To mark this significant milestone, a ceremony was held at Uhuru Garden Park in Nairobi where the Union Jack was lowered down for the last time and as Kenya’s new flag went up.
Two men of the moment were Governor Malcolm MacDonald and Prime Minister Jomo Kenyatta. In the picture (above) MacDonald is inspecting a guard of honour by Kenya African Rifles (KAR) during the official opening of Parliament in June 1963.
Six months later, the KAR were at Uhuru Garden Park where they conducted Trooping of Colours. The Colours were handed over to the new regime and then trooped through the ranks symbolising the farewell of the KAR and the birth of a new army.
It was a moment to behold for many excited Kenyans who flocked the park to witness the historic occasion.
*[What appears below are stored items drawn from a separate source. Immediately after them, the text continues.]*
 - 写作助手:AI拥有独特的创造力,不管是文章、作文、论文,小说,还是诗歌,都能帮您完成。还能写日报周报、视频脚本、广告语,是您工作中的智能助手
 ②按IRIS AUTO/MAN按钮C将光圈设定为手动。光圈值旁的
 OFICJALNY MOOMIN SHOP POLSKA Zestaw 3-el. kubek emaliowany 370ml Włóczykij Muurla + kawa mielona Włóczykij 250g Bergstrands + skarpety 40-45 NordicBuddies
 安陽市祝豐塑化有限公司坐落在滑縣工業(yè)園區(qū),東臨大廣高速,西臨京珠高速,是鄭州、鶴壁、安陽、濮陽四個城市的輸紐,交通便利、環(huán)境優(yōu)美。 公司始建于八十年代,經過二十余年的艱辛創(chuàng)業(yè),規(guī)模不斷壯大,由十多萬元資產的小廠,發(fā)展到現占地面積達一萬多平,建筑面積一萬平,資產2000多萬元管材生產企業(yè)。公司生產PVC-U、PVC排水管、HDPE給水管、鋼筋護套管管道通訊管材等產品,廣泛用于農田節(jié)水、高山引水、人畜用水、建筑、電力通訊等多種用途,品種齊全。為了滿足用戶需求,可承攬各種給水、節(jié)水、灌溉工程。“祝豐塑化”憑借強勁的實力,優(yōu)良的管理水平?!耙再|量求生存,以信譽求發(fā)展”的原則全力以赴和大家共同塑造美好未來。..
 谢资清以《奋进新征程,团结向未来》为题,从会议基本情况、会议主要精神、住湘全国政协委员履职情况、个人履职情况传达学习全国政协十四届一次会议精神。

MacDonald remained around for nine months assisting the new nation find her feet.
He arrived in Kenya on January 4, 1963, and a guard of honour by Second Battalion Scots Guards was conducted for him at Government House. MacDonald seems to have come with a brief to hustle Kenya through independence in the fastest possible time.
Sir John Ainley arriving from Singapore was flown from Mombasa to be sworn in as the new Chief Justice just in time to officiate at MacDonald’s swearing-in.
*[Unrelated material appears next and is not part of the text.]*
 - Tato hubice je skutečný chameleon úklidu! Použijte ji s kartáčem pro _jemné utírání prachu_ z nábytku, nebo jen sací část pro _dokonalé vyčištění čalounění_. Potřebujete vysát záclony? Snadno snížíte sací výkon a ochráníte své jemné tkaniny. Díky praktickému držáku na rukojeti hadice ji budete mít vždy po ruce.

Born at Lossiemouth, the son of Labour Prime Minister Ramsay MacDonald, MacDonald was an MP (1936-45) back in Britain where he also held as Colonial Secretary between 1935 and 1938-40. He served a brief stint as Health minister between 1940 and 1941 before being appointed High Commissioner in Canada.
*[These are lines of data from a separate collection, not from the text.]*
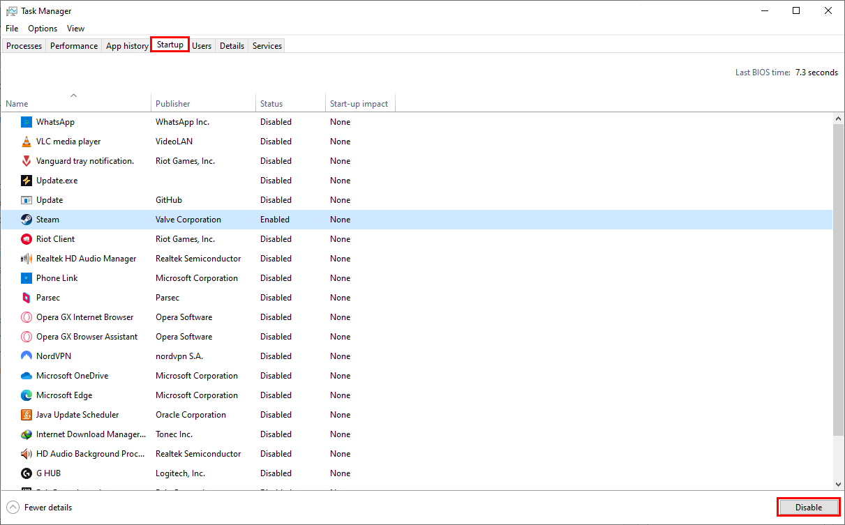 - In the Task Manager under the Startup tab, disable each startup item by selecting it and clicking the Disable button at the bottom right.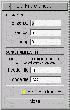 Edit/Group (F7)Creates a new Fl_Group and make all the currently selected widgets children of it.Edit/Ungroup (F8)Deletes the parent group if all the children of a group are selected.Edit/Overlays on/off (Alt+Shift+O)Toggles the display of the red overlays off, without changing the selection. This makes it easier to see box borders and how the layout looks. The overlays will be forced back on if you change the selection.Edit/Preferences (Alt+p)Displays the preferences panel. The alignment preferences control the grid that all widgets snap to when you move and resize them, and for the "snap" which is how far a widget has to be dragged from its original position to actually change. |
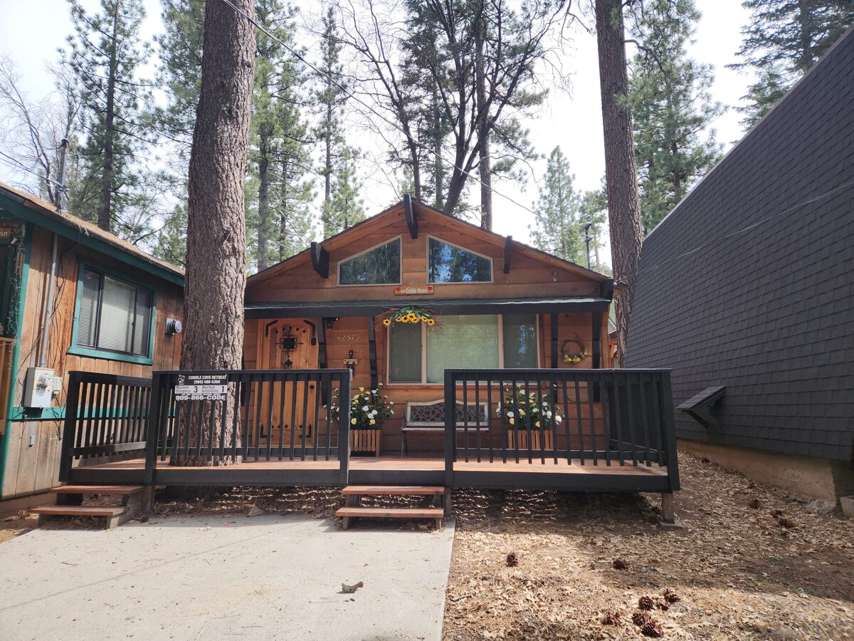 Stökktu til fjalla í þessum stílhreina og nýuppgerða fjögurra manna kofa sem arkitekt hannaði með þægindi þín í huga. Njóttu ferska loftsins úr heita pottinum til einkanota. Inni: Eitt svefnherbergi: Með þægilegu queen-rúmi. Stofa: Slakaðu á í mjúkum svefnsófa sem hentar vel fyrir tvo gesti. Utanhúss: Heitur pottur til einkanota: Slakaðu á í hlýjunni og njóttu fjallsins. Staðsetning: Þægileg staðsetning nálægt Big Bear Lake og í seilingarfjarlægð frá skíðabrekkunum með beinni strætisvagnaþjónustu.

Prior to arriving in Kenya, MacDonald was Governor-General of Malaya and Borneo where he served from 1946 to 1948 before taking over the same role in India. He was a keen ornithologist and author of books on birds.
A prolific art collector, MacDonald, as a young man, aspired to be a novelist but did not succeed in publishing any of his writings of fiction. He wrote a number of articles for British and Canadian newspapers in the 1920s.
Following the assumption of his diplomatic career in 1941, MacDonald began writing factual accounts of the people, places and wildlife he encountered.